## [DATA SECTION]
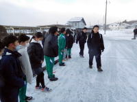 | 2月19日(木),今年度最後の「JUあいさつ運動」を滝沢中学校入り口で行いました。ここ数日間暖かい日が続いていましたが、この日は朝から小雪が舞い、春一番と思われるような風も吹く中で、小学校は児童会執行部と応援委員会が、中学校は生徒会執行部と2学年委員会が、寒さに負けずに元気なあいさつを響かせました。 |
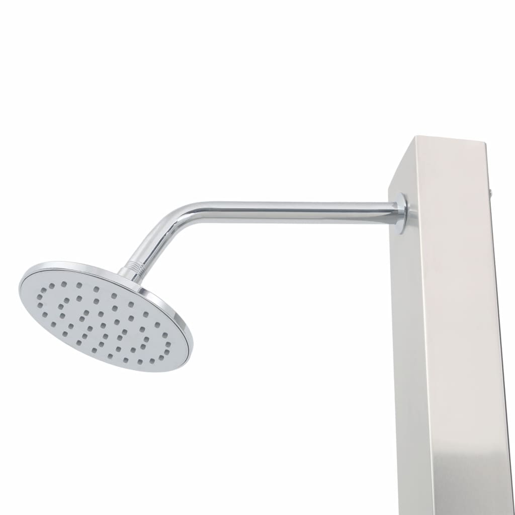 Dieses multifunktionale ghat ein stilvolles Design. In Kombination mit einer eleganten Duschwanne ist dies eine großartige Ergänzung für Ihren Pool und andere Außenbereiche. Die Duschsäule ist aus langlebigem, gebürstetem Edelstahl hergestellt und weist ein schönes, geschwungenes Design auf. Es hat eine Regendusche und einen Handbrausekopf, der einfach mit einem Knopf ausgewählt werden kann. Genießen Sie ein wirklich entspannendes Duscherlebnis und den modernen Stil dieses wunderschön gestalteten Duschpaneel-Systems! Diese Duschtasse bietet ein Höchstmaß an Hygiene, Langlebigkeit und Korrosionsbeständigkeit. Die Bodenplatte ist mit einem feuchten Tuch leicht zu reinigen. Zusätzlich sind die Befestigungslöcher für eine einfache Montage vorgebohrt. Das Duschpaneel-System ist einfach zu montieren. Montagezubehör ist ebenfalls im Lieferumfang enthalten.
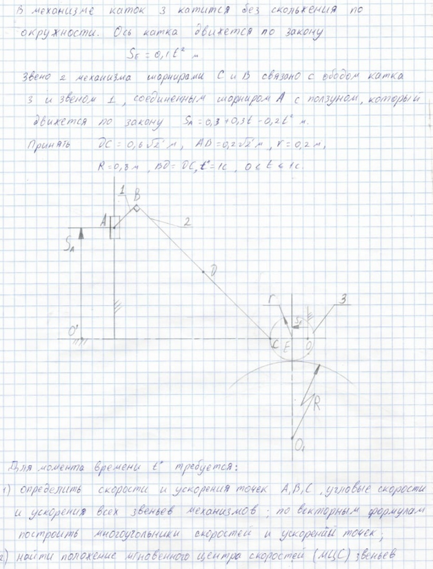 Типовой расчет по теоретической механике, "Кинематика плоского движения твердого тела", зачтено

## [WHAT NEEDS TO BE DONE]
Images are to be omitted; repeat the remaining data above exactly.

## [OUTPUT]
 | 2月19日(木),今年度最後の「JUあいさつ運動」を滝沢中学校入り口で行いました。ここ数日間暖かい日が続いていましたが、この日は朝から小雪が舞い、春一番と思われるような風も吹く中で、小学校は児童会執行部と応援委員会が、中学校は生徒会執行部と2学年委員会が、寒さに負けずに元気なあいさつを響かせました。 |
 Dieses multifunktionale ghat ein stilvolles Design. In Kombination mit einer eleganten Duschwanne ist dies eine großartige Ergänzung für Ihren Pool und andere Außenbereiche. Die Duschsäule ist aus langlebigem, gebürstetem Edelstahl hergestellt und weist ein schönes, geschwungenes Design auf. Es hat eine Regendusche und einen Handbrausekopf, der einfach mit einem Knopf ausgewählt werden kann. Genießen Sie ein wirklich entspannendes Duscherlebnis und den modernen Stil dieses wunderschön gestalteten Duschpaneel-Systems! Diese Duschtasse bietet ein Höchstmaß an Hygiene, Langlebigkeit und Korrosionsbeständigkeit. Die Bodenplatte ist mit einem feuchten Tuch leicht zu reinigen. Zusätzlich sind die Befestigungslöcher für eine einfache Montage vorgebohrt. Das Duschpaneel-System ist einfach zu montieren. Montagezubehör ist ebenfalls im Lieferumfang enthalten.
 Типовой расчет по теоретической механике, "Кинематика плоского движения твердого тела", зачтено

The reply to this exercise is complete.